Most municipal water systems treat the water before it reaches the home by using one of two chemicals. "Chlorine and chloramine are the two most common disinfectants used in U.S. drinking water and they do an outstanding job of making sure that the concentration and colony count of bacteria, mainly coliform bacteria and E-coli bacteria are kept really low," said Pujol.
However, sometimes too much of the disinfectant can lead to disinfectant by-products known as Trihalomethanes.
"When that chloramine reacts with organic material in the water, it forms these disinfectant byproducts or trihalomethanes and a number of these have been associated through epidemiological research with adverse health effects like cancer or liver problems. They're not very well understood but they're at this point considered dangerous enough for the U.S. EPA to have a total concentration limit on all of these at 80 parts per billion," said Pujol.
Those Trihalomethanes were found in multiple reports including the city of Lynn Haven.
"There's about 3 of the same chlorine disinfectant by-products and a slightly higher strontium measurement," said Pujol.
Strontium is one of the many elements that emit radioactive particles. While it sounds concerning, officials say it's not too much to worry about.
"Is this something terribly concerning? Absolutely not. Is this something to worry about?
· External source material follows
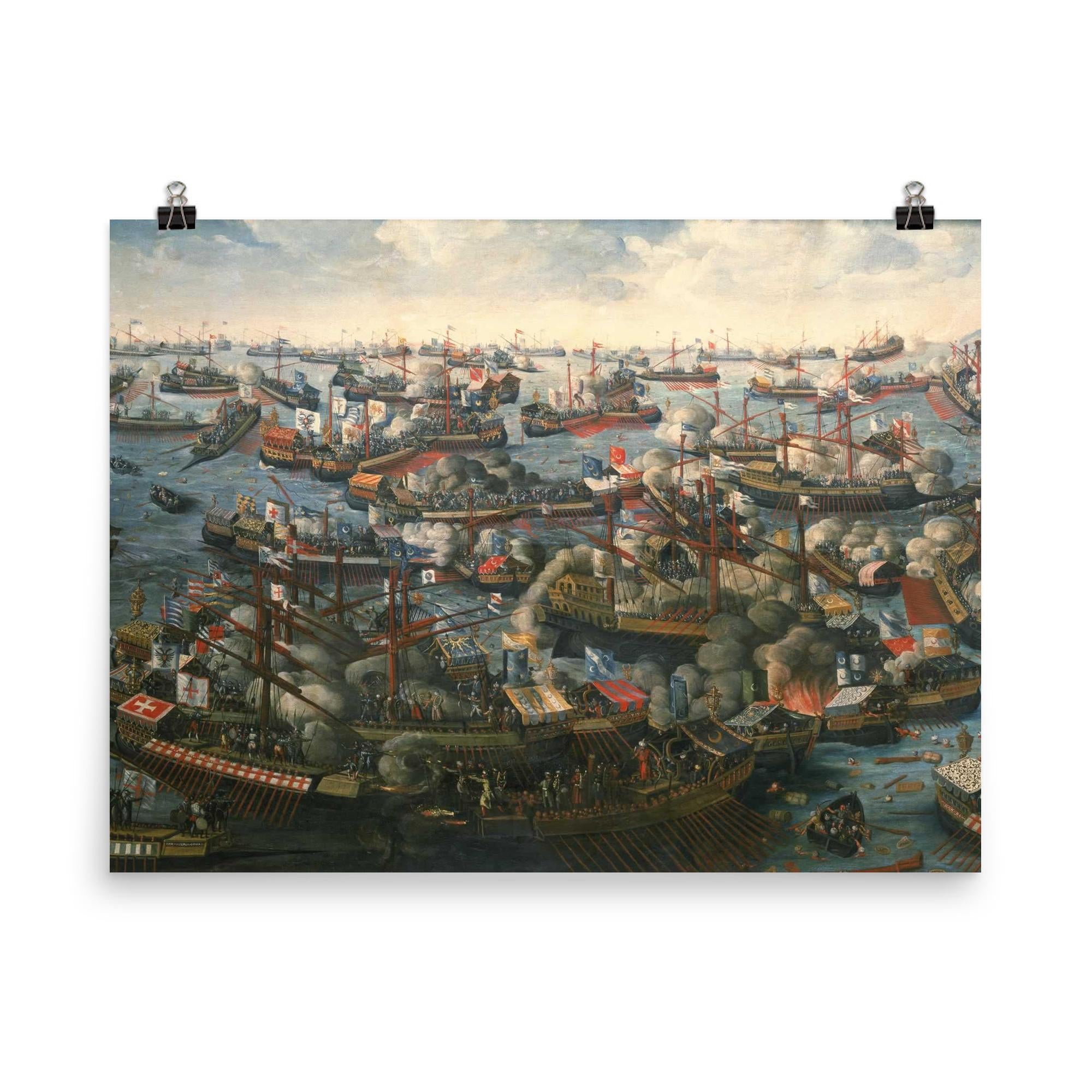 Immerse yourself in a pivotal moment of history with this striking poster of the Battle of Lepanto by HLetter, c. 1572. Capturing the fierce maritime clash that shaped the course of empires, this artwork brings centuries-old valor and strategy to life. Perfect for history enthusiasts and art lovers alike, it transforms any space into a tribute to courage and naval mastery.
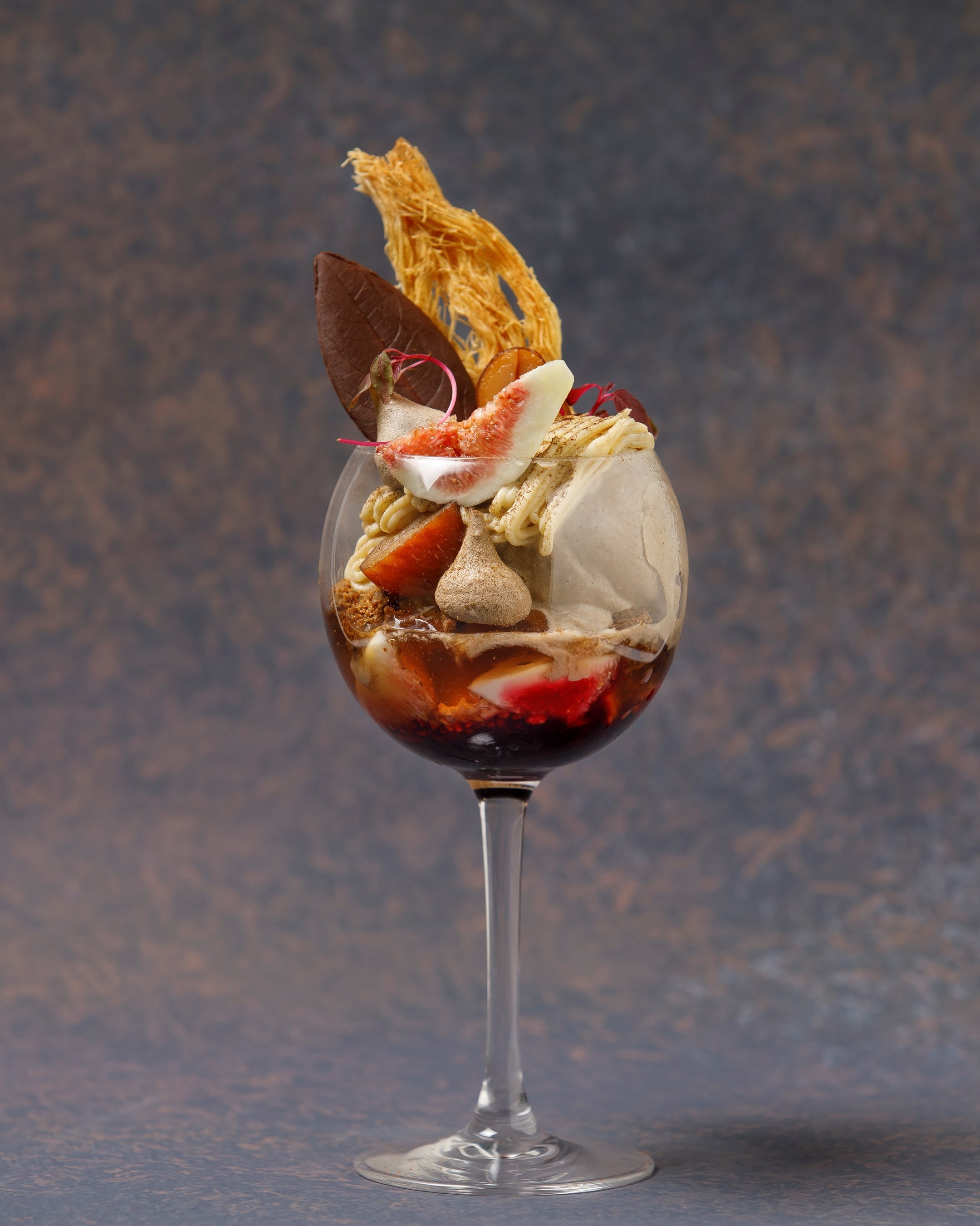 ほうじ茶の香りや旨味をたくさんお楽しみいただけるように、ほうじ茶のブリュレやクランブル、ジュレ、メレンゲ、アイスをバランスよくトッピングし、カシスの風味、イチジクの瑞々しい味わいに渋皮栗の甘露煮と濃厚な和栗のクリームをご一緒にお召し上がりください。

You know if you want to be very critical about your water quality then yes, it's something that doesn't help you in the water," he said.
He goes on to compare the exposure to that of minor radiation. "Do you feel concerned about something radioactive in your water, well sure.. that'd be great if it weren't there but we're talking at really really low concentrations. You go through an airport scanner when you fly on an airplane, you get an x-ray done... this is that level of exposure, if not lower. In fact, it is much lower," he said.
Both Lynn Haven and Apalachicola have a few red flags on their reports which overall resorted in their poor scores. Many worry that these poor scores will impact their health poorly, but water testing officials say short-term exposure should not cause any issues.
"1 in 100,000 to 1 in a million chance of this causing an adverse health effect in you. So if you're exceeding one of those, it doesn't mean that every single person is getting sick tomorrow. It means that with chronic long term exposure to this kind of concentration, yes there's an increased likelihood of you having an adverse health effect," said Pujol.
Ultimately, if the score for your water at home is less than ideal, you can always improve it on your own. "Water treatment in the home should be more popular and at lease considered in situations like this where a water system is perhaps not able to control the trihalomethane level to the desired level," said Pujol.
"In my opinion, we should all have impeccable, tasty, non-costly, no health risks water quality, and it's achievable. It's not easy, and it's certainly not easy when the water systems have to deal with all the struggles and challenges that they have."